For each character in the hash map, check if its count is divisible by the number of words.
If any character's count is not divisible by the number of words, return false.
If all characters pass the divisibility check, return true.

class Solution:
    def makeEqual(self, words: List[str]) -> bool:
        char_cnt = defaultdict(int)

        for w in words:
            for c in w:
                char_cnt[c] += 1

        for c in char_cnt:
            if char_cnt[c] % len(words):
                return False
        return True

Time & Space Complexity

Time complexity: $O(n * m)$
Space complexity: $O(1)$ since we have at most $26$ different characters.

Where $n$ is the number of words and $m$ is the average length of each word.

2. Frequency Count (Array)

Intuition

This approach uses the same divisibility principle but with a clever optimization. Instead of storing full counts and checking divisibility at the end, we track counts modulo n and use a flag counter to know whether all characters are evenly distributable.

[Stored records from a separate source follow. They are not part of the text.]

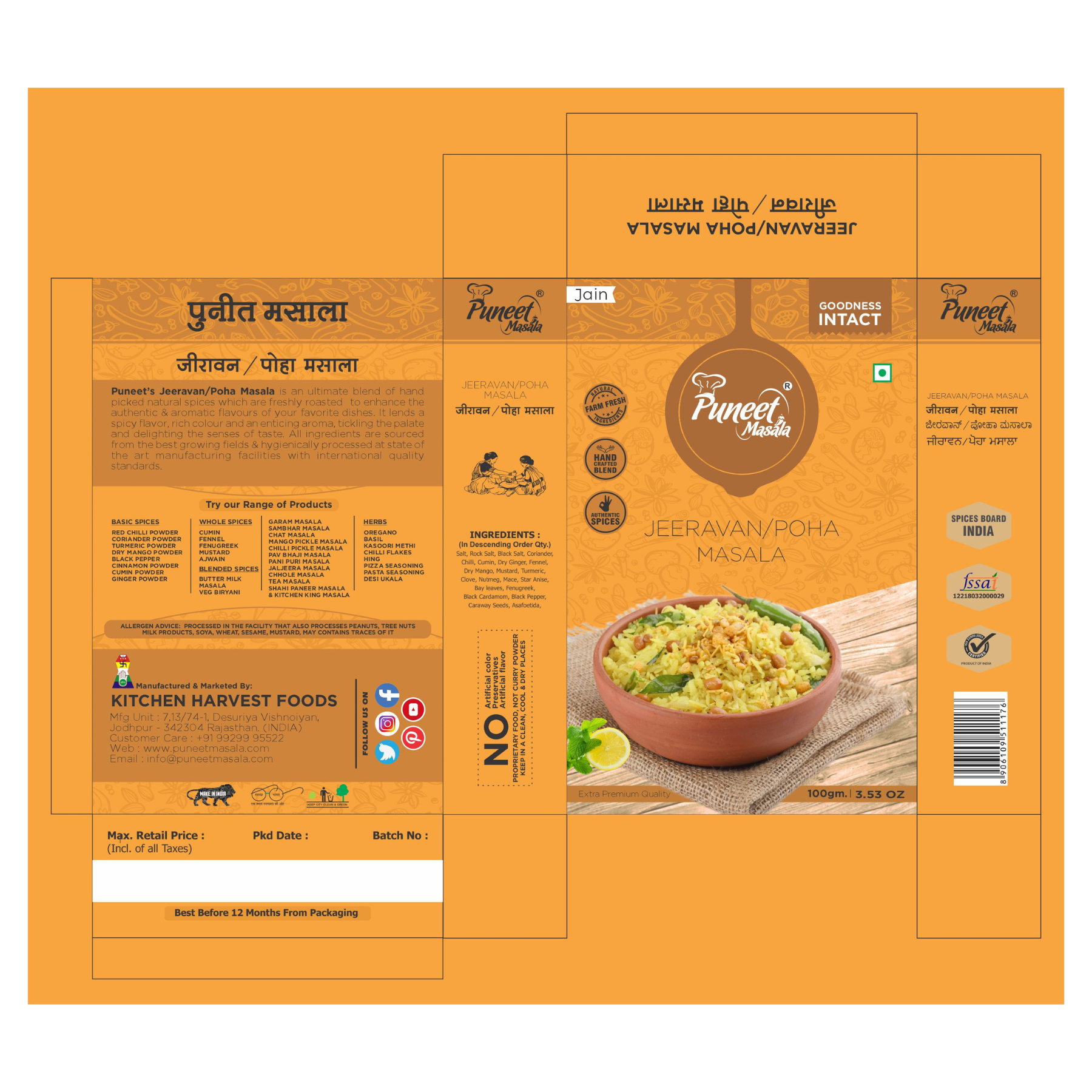 Puneet Masala's Jeeravan Poha Masala is a tantalizing spice blend meticulously crafted to enrich your meals with the authentic taste of Indian cuisine. Specially curated from premium spices, this masala offers the perfect balance of jeera (cumin) and aromatic goodness, ensuring a burst of flavor that transforms your Poha into a culinary delight.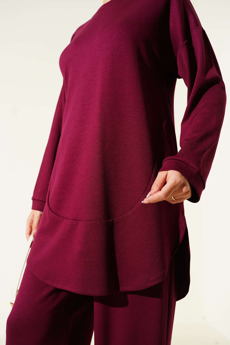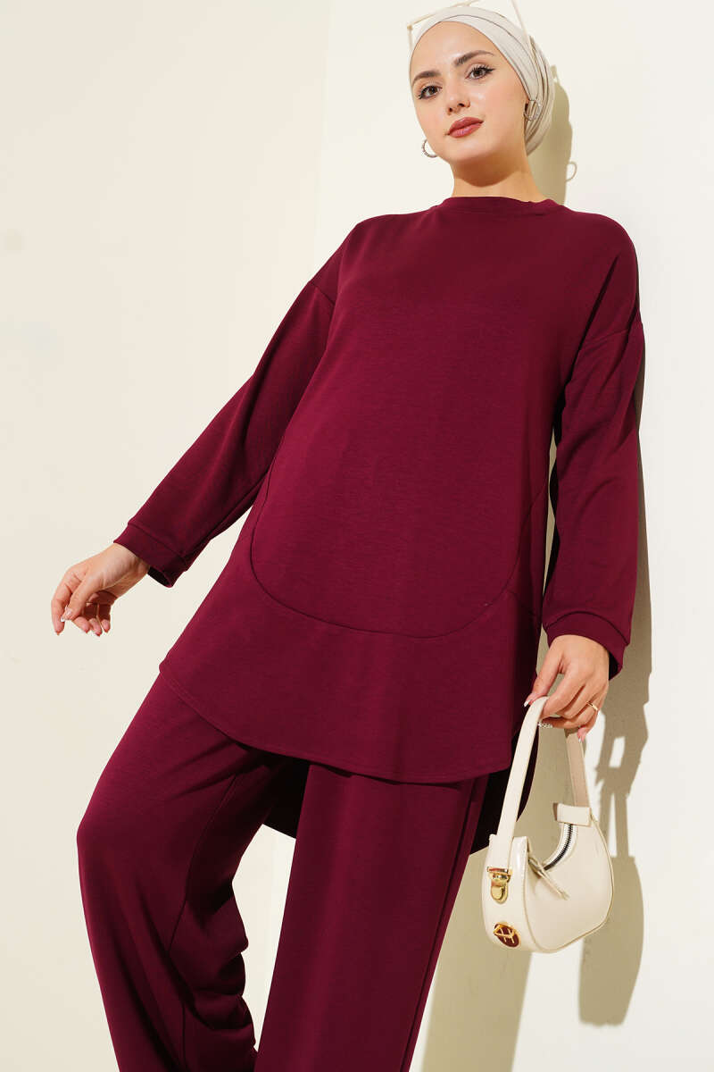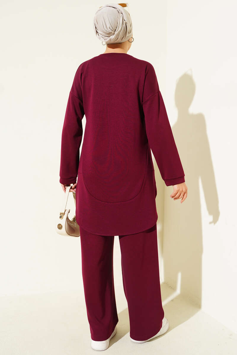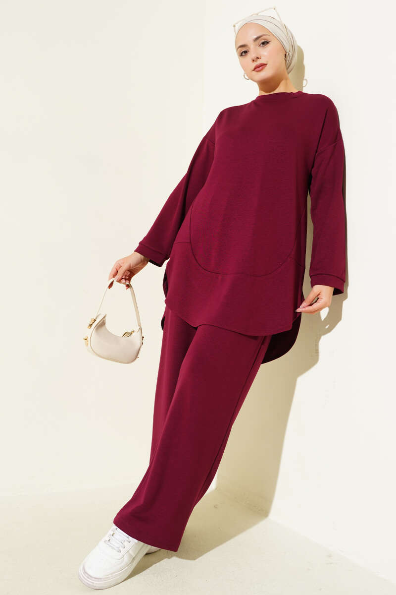 Kruvaze Yaka Ağaç Kabuğu Etekli Takım Bordo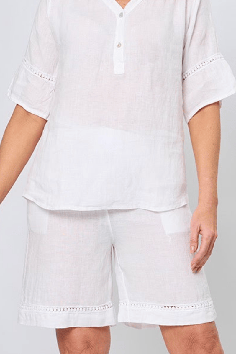 La Strada Italian Linen Long Short White Lace
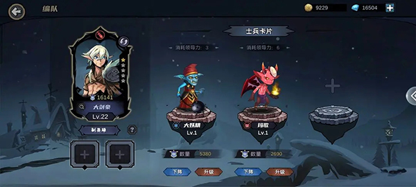 第三章开槽,副英雄推荐第一个拿黑暗元帅,主技能每局加黑兵,打副本的好手,缺点是对单局战斗0帮助,攻击成长低。养到后面我应该会为了技能用他当主英雄。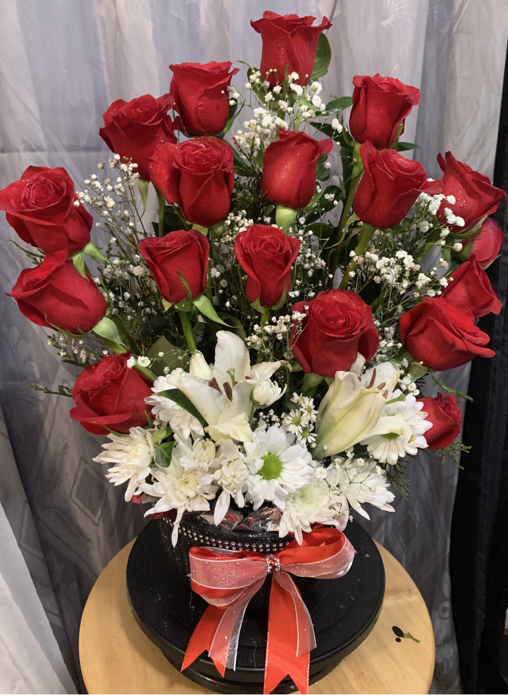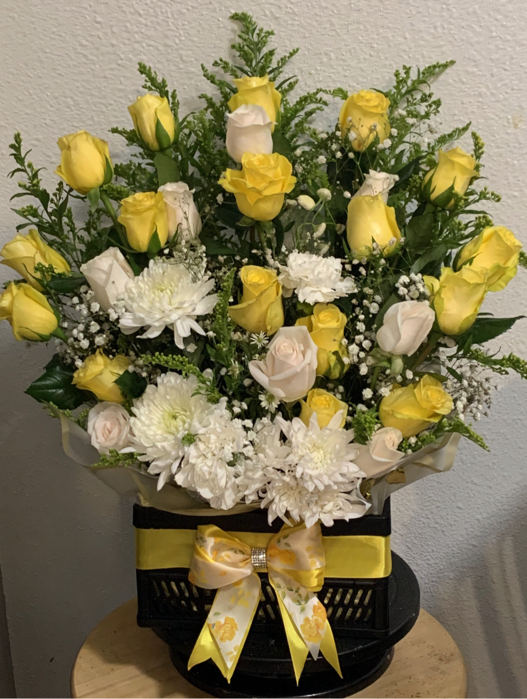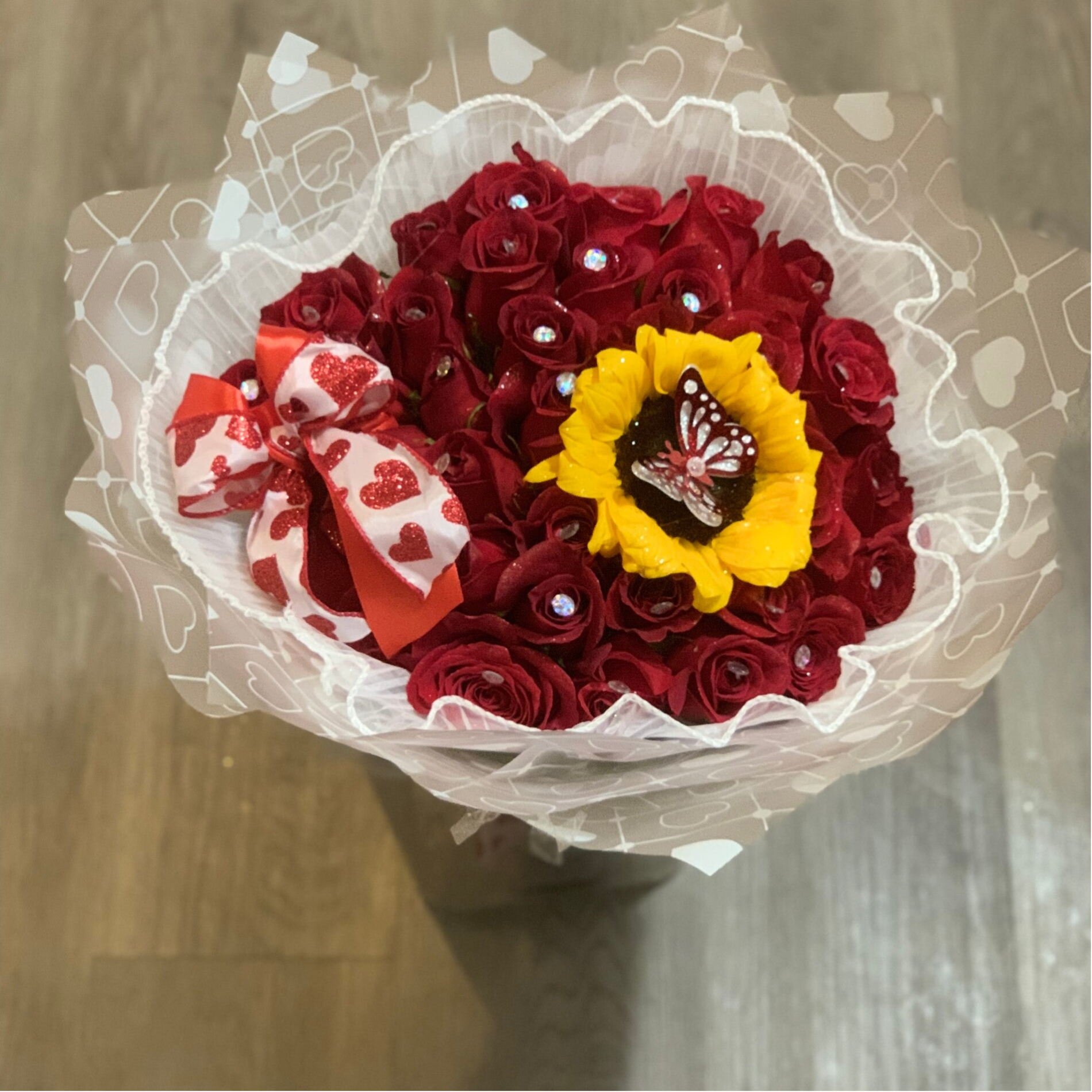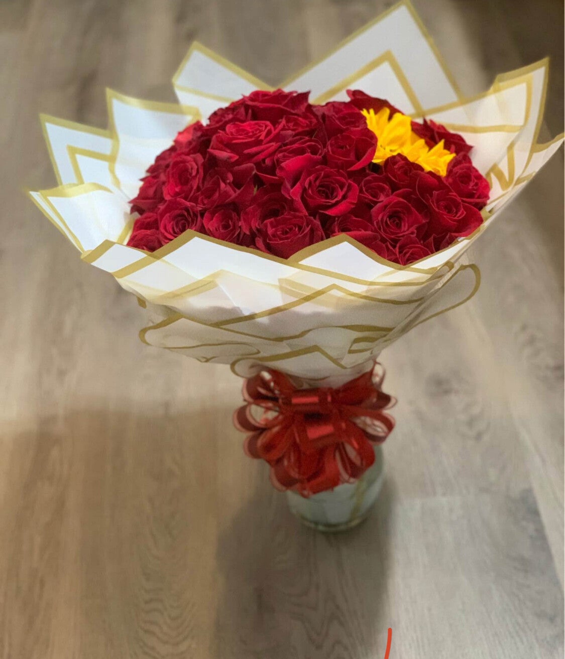 Ilumina tu día con nuestro elegante Arreglo "Amanecer". Diseñado para brindar alegría y calidez, este arreglo radiante cuenta con una mezcla armoniosa de girasoles, rosas rojas y flores blancas, cuidadosamente dispuestas para crear una explosión de color y positividad.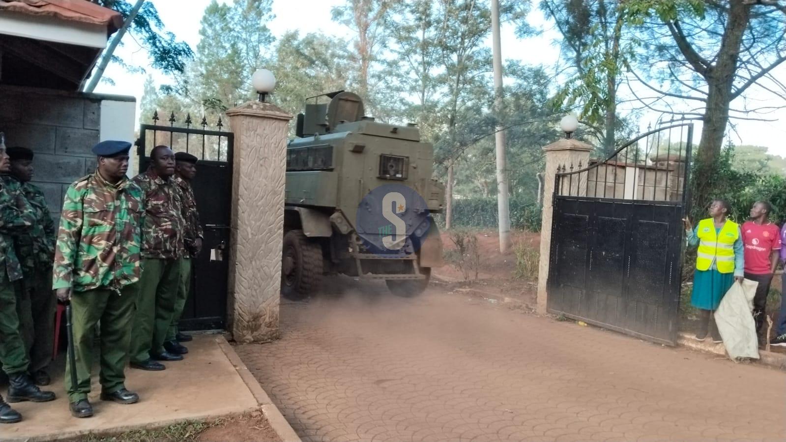 Security tight as preparations are ongoing to remove the body of Former Prime Minister Raila Odinga at his home in Opoda farm to JOOUST for the Funeral service./FAITH MATETESecurity tight as preparations are ongoing to remove the body of Former Prime Minister Raila Odinga at his home in Opoda farm to JOOUST for the Funeral service./FAITH MATETESecurity tight as preparations are ongoing to remove the body of Former Prime Minister Raila Odinga at his home in Opoda farm to JOOUST for the Funeral service./FAITH MATETESecurity tight as preparations are ongoing to remove the body of Former Prime Minister Raila Odinga at his home in Opoda farm to JOOUST for the Funeral service./FAITH MATETEArmed military vehicles and security personnel have been deployed to secure the area and manage the large number of mourners expected to accompany the procession.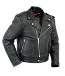 Soft Drum Dyed Goat Skin 1.1-1.2mm.Plain Sides.Full leather action back. Beltless design.Two lower hand warmer pockets and two inside pockets.Black satin liner.Heavy snaps & heavy duty zippers.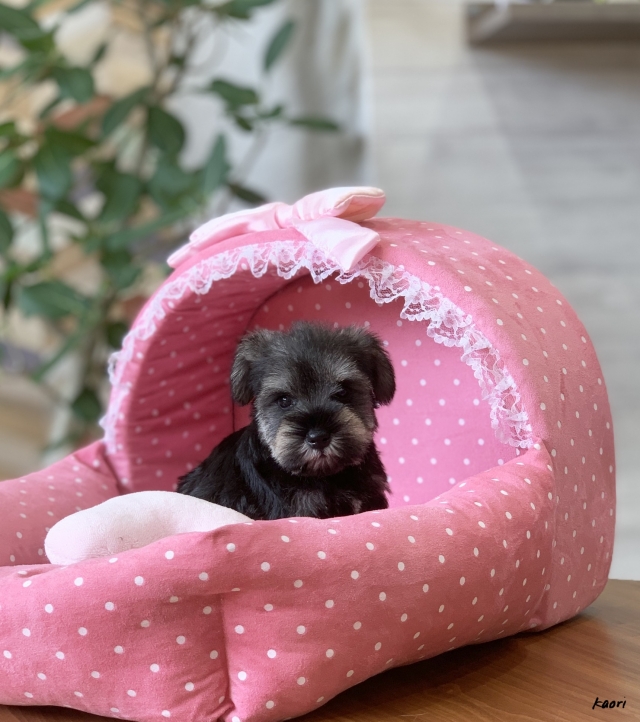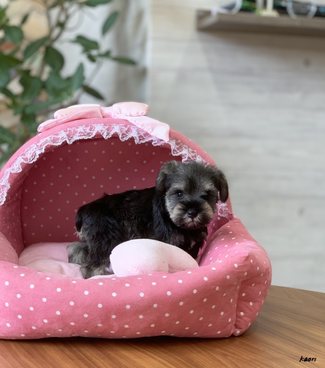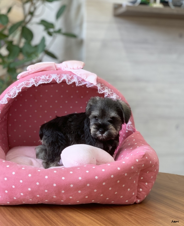 シュナウザーを主力にされているブリーダーさんだと認識しており、ボスちゃんはどうかなあと正直不安でしたがとても可愛く健康的なボスちゃんをいただきました。 掲載されていた写真より実物は想像以上に可愛くて即決し見学させていただいたその日に連れて帰りました。連絡をして、翌日行きますぅって勝手な申し出にも関わらず敏速かつ親切に対応して頂き大満足です。契約に対しても一つ一つ丁寧に説明してくださり、わかりやすかったです。この度は可愛いボスちゃんとのご縁をいただき、本当に有り難うございました。 (大阪府 女性)
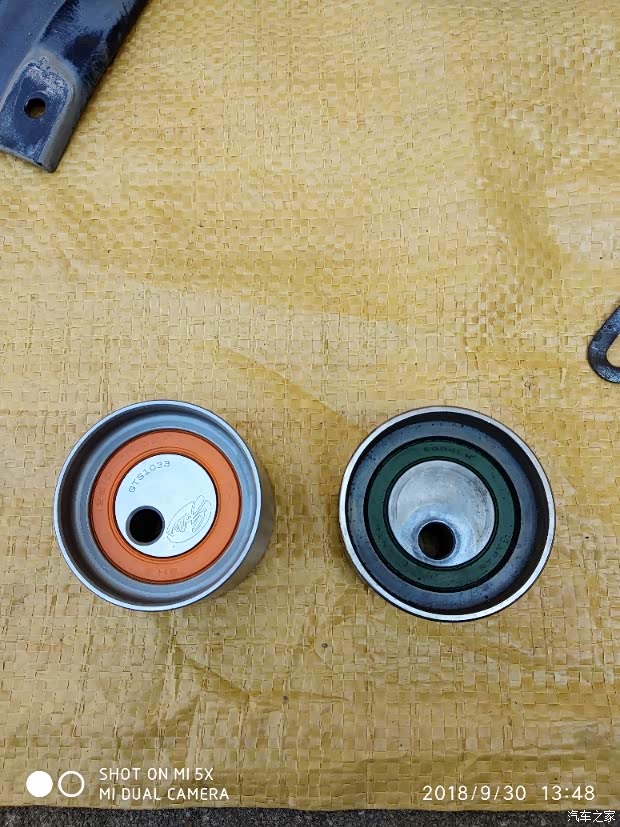 新旧涨紧轮,新的也是盖茨的,和新的对比,旧的有一点间隙,但不影响使用,旧正时带试车时会往外跑出一半左右,新的安装完试车就不会往外跑,走得很正,说明新的涨紧轮和正时带还是配合不错的。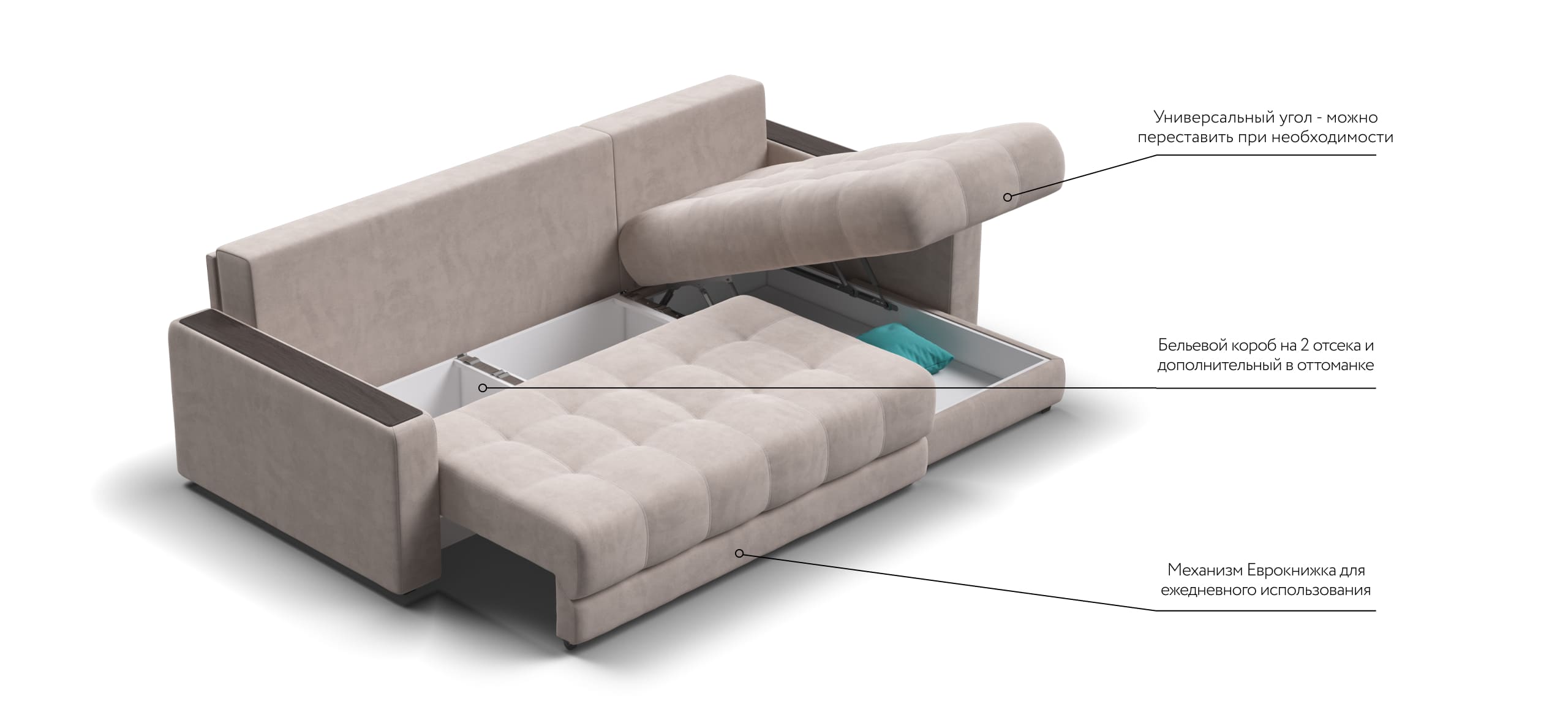 Угловой диван BOSS Classic XL - диван с подъемной оттоманкой и механизмом Еврокнижка.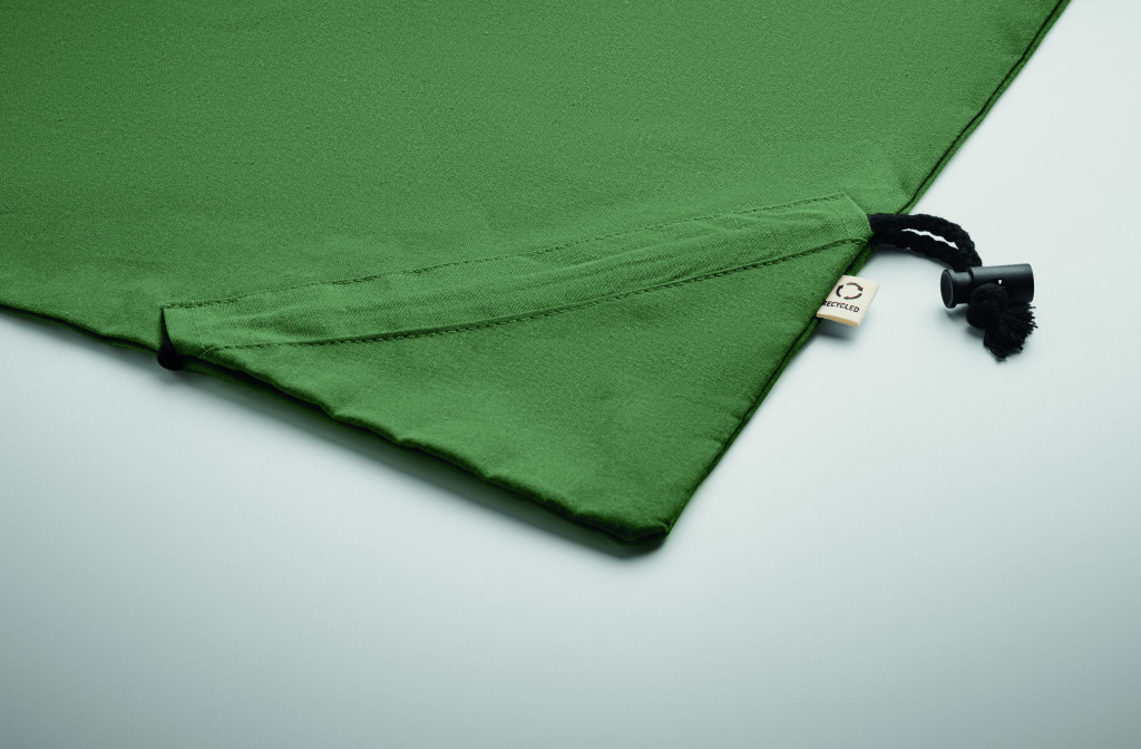 Fogyasztás előtti újrahasznosított pamut, összehajtható bevásárlótáska (70% újrahasznosított pamut és 30% RPET). 140 g/m². Ez az anyag nyomtatás után zsugorodhat.

When a character's frequency becomes divisible by n, it means that character can be perfectly distributed. We increment a flag when this happens and decrement it when a new character appears (since it starts at count 1, which is not divisible by n unless n = 1). At the end, if the flag is 0, all characters are evenly distributable.

Algorithm

Create a frequency array of size 26 (for lowercase letters) and initialize a flag counter to 0.
For each character encountered:
- If its current frequency is non-zero, increment it. If the new count is divisible by n, increment the flag.
- If its current frequency is zero, increment it to 1. If 1 is not divisible by n, decrement the flag.
- Take the frequency modulo n to keep values small.
Return true if the flag equals 0, meaning all characters have counts divisible by n.

class Solution:
    def makeEqual(self, words: List[str]) -> bool:
        freq = [0] * 26
        flag = 0
        n = len(words)

        for w in words:
            for c in w:
                i = ord(c) - ord('a')
                if freq[i] != 0:
                    freq[i] += 1
                    if freq[i] % n == 0:
                        flag += 1
                else:
                    freq[i] += 1
                    if freq[i] % n != 0:
                        flag -= 1
                freq[i] %= n

        return flag == 0

Time & Space Complexity

Time complexity: $O(n * m)$
Space complexity: $O(1)$ since we have at most $26$ different characters.

Where $n$ is the number of words and $m$ is the average length of each word.